With the vast majority of the football program gathered together, Vhito and his family — including his older brother, Vinnie, and parents, Ashley and Nick — entered the room. With Vhito sporting a mask on his face for medical purposes, the gravity of the moment was overwhelming.

Murphy started off the proceedings by describing the origins of the organization. His daughter Jaclyn — now a healthy college student — suffered from pediatric cancer but found strength when she was “adopted” by Northwestern’s women’s lacrosse team in 2005. That year, the Wildcats went on to win the national championship.

The waterworks were flowing across the room as Vhito’s mother Ashley recounted Vhito’s long struggle with cancer.

After several months of confusion about Vhito’s deteriorating condition and countless doctor’s visits, his parents took him to the Boston Children’s Hospital.

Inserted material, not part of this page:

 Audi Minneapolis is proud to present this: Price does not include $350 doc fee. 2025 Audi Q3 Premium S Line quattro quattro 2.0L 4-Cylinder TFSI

There, it was discovered that he had a tumor “the size of a grapefruit.”

According to his mother, the doctors were surprised that Vhito’s spine didn’t snap under the pressure of the tumor. He was immediately sent into emergency surgery after a complication arose, followed by months of treatment and slow but consistent recovery.

“It’s become life. It’s all he knows,” his mother said. “If he had hair, you’d never know anything was wrong.”

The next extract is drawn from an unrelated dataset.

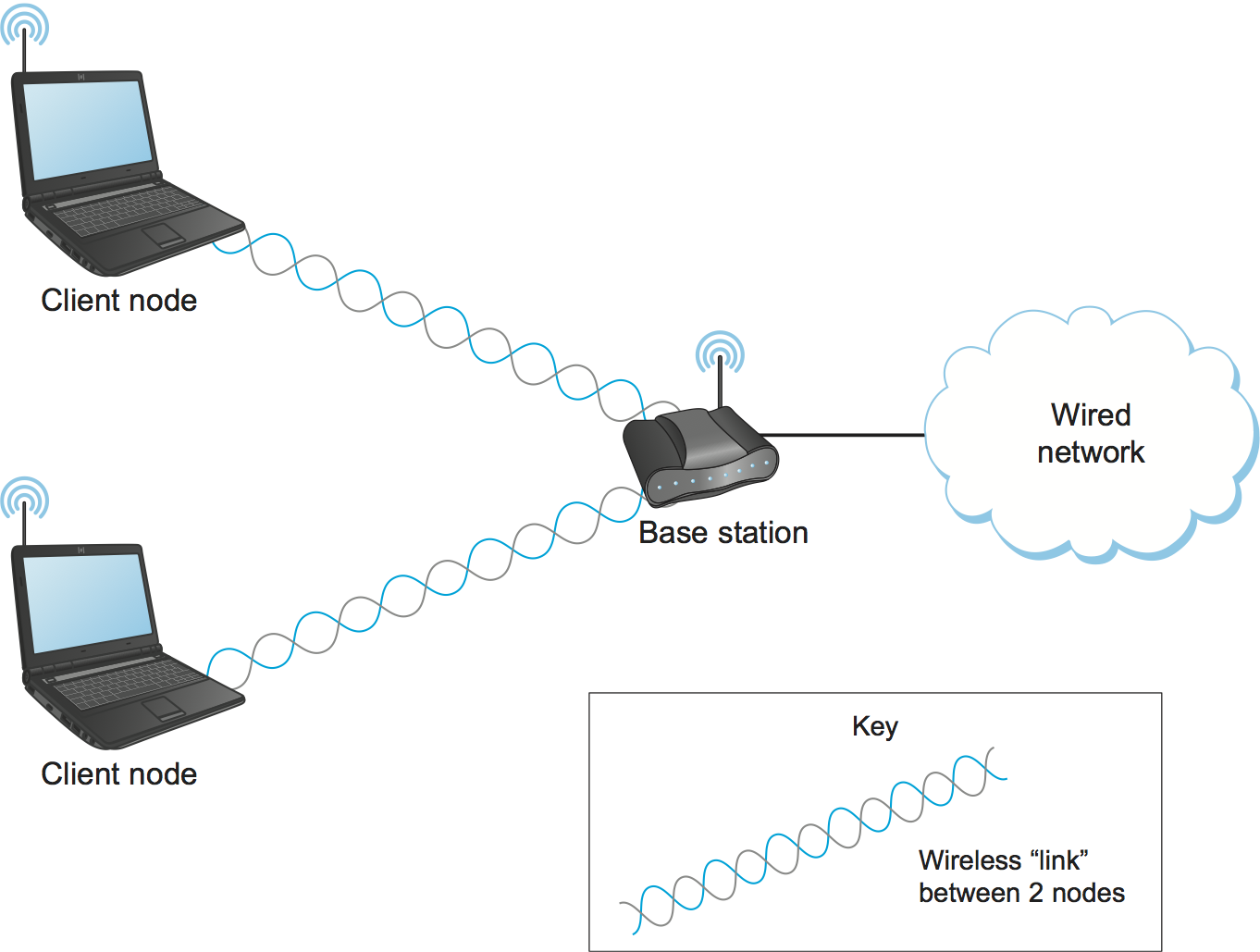 Note that in Figure 44 communication between non-base (client) nodes is routed via the base station. This is in spite of the fact that radio waves emitted by one client node may well be received by other client nodes—the common base station model does not permit direct communication between the client nodes.

Vhito’s fight with cancer is far from over, especially when it comes to regaining function in his right arm after losing muscular control early in his treatment. And sitting at the podium, he looked like someone who had already gone through a lifetime’s worth of battles.

But the heavy mood in the room eventually changed into the emotion most commonly associated with the innocence of childhood: unbridled joy.

“It does not matter how terrible [Vhito] feels ... He’s happy. He’s smiling,” Ashley said. “If everybody acted like that, the world would be so peaceful.”

Assistant coach Steven Downs officially announced Vhito’s captaincy and presented him with a custom jersey. With the team cheering in unison, the importance of the situation was directly seen in the players’ support of their new adopted captain.

As the mood in the room changed, Downs was even able to get a round of laughs after mentioning with relief that he didn’t need to fit Vhito’s father — who is built like a football player himself — with a jersey.

After taking a round of photographs with his new teammates, Vhito made his way down to the team locker room. As he walked down the tunnel and into the room, he was welcomed by chants of “Vhito! Vhito! Vhito!”

As he ran along the locker room, laughing and examining his customized locker, Vhito no longer looked like a cancer patient. He looked like someone simply enjoying his time with his teammates, as so many Penn athletes do on a daily basis.

A concept that came up several times throughout the event was “perspective,” specifically that while Penn fights every day for wins on the field, Vhito fights for something much more important.

“It’s life and death versus wins and losses,” Murphy said. “They’re not even on the same scale.”

“It’s not how you handle the good times,” Priore added. “It’s how you handle adversity ... We saw how strong today Ashley and the family were.”

And it would serve the Quakers well to apply the perspective they gleaned from their time with their new captain not only to the field next year, but to the rest of their lives.